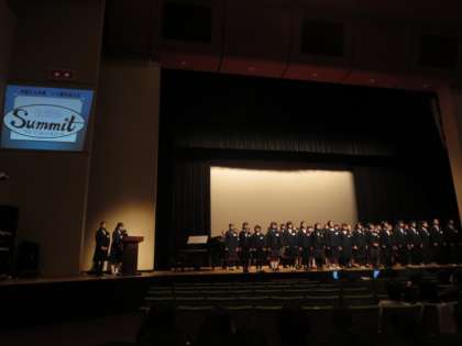 第11回「14歳の成人式」が世田谷区民会館で開催されました。世田谷区の全29校の中学2年生の生徒代表が、ブロックごとに各学校の生徒会の取組などについて話し合い、「生徒会サミット」活動を行い、どうすれば中学校生活がより豊かなものになるのか、何が実践できるのかなどについて、昨年の7月から、毎月1回程度の会議・打ち合わせを行って、本日の「14歳の成人式」で発表しました。今年度は、「社会とのつながり〜14歳 今、私たちにできること〜」がテーマでした。各校での挨拶運動、地域とのつながり、やさしさの連鎖などについて、劇を交えて発表しました。本校からも2年生の代表生徒2名が参加し、自分の役割を果たして、立派に発表していました。また、本校から26名の1年生が参加し、2年生の発表を見ましたが、1つ年上の先輩たちが深いく考えていることを知ったことや、堂々と発表している姿を間近に見ることができた経験は、これからの学校生活に必ずや生きることでしょう。中学生の純粋な気持ちや考えが伝わった、気持ちの温かくなる「14歳の成人式」でした。
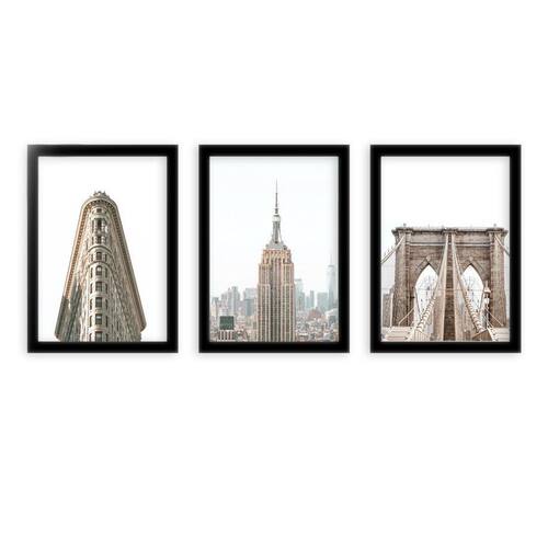 Kit 3 Quadros Decorativos Com Moldura New York Quadros decorativos fabricados com moldura de madeira de reflorestamento com acabamento laqueado, impressão a laser em papel couché 300g, fundo em madeira. As paredes ganham cor e vida com quadros e painéis decorativos. Escolha os modelos que faltam para deixar sua decoração ainda mais bonita. Na sala, no quarto ou em outros cômodos, as peças coloridas ou em preto e branco garantem mais estilo.
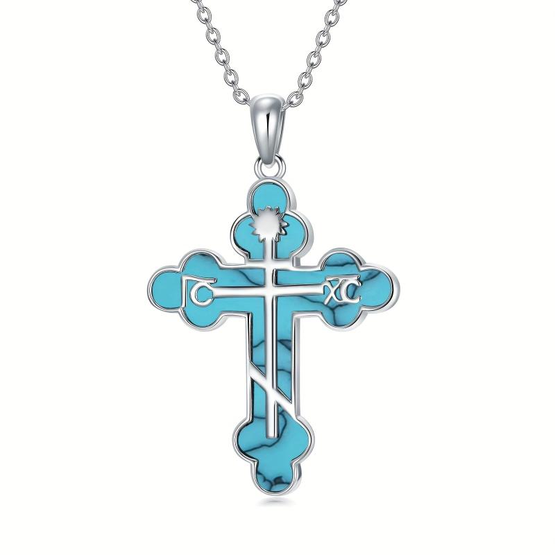 This stunning necklace features an Eastern Orthodox cross pendant made from turquoise obsidian and set in 925 sterling silver. Perfect for both men and women who appreciate religious jewelry.

> ABOUT THIS TASK:
Everything in the listing above, apart from its pictures, must be repeated exactly.

> SOLUTION FOR THIS TASK:
 第11回「14歳の成人式」が世田谷区民会館で開催されました。世田谷区の全29校の中学2年生の生徒代表が、ブロックごとに各学校の生徒会の取組などについて話し合い、「生徒会サミット」活動を行い、どうすれば中学校生活がより豊かなものになるのか、何が実践できるのかなどについて、昨年の7月から、毎月1回程度の会議・打ち合わせを行って、本日の「14歳の成人式」で発表しました。今年度は、「社会とのつながり〜14歳 今、私たちにできること〜」がテーマでした。各校での挨拶運動、地域とのつながり、やさしさの連鎖などについて、劇を交えて発表しました。本校からも2年生の代表生徒2名が参加し、自分の役割を果たして、立派に発表していました。また、本校から26名の1年生が参加し、2年生の発表を見ましたが、1つ年上の先輩たちが深いく考えていることを知ったことや、堂々と発表している姿を間近に見ることができた経験は、これからの学校生活に必ずや生きることでしょう。中学生の純粋な気持ちや考えが伝わった、気持ちの温かくなる「14歳の成人式」でした。
 Kit 3 Quadros Decorativos Com Moldura New York Quadros decorativos fabricados com moldura de madeira de reflorestamento com acabamento laqueado, impressão a laser em papel couché 300g, fundo em madeira. As paredes ganham cor e vida com quadros e painéis decorativos. Escolha os modelos que faltam para deixar sua decoração ainda mais bonita. Na sala, no quarto ou em outros cômodos, as peças coloridas ou em preto e branco garantem mais estilo.
 This stunning necklace features an Eastern Orthodox cross pendant made from turquoise obsidian and set in 925 sterling silver. Perfect for both men and women who appreciate religious jewelry.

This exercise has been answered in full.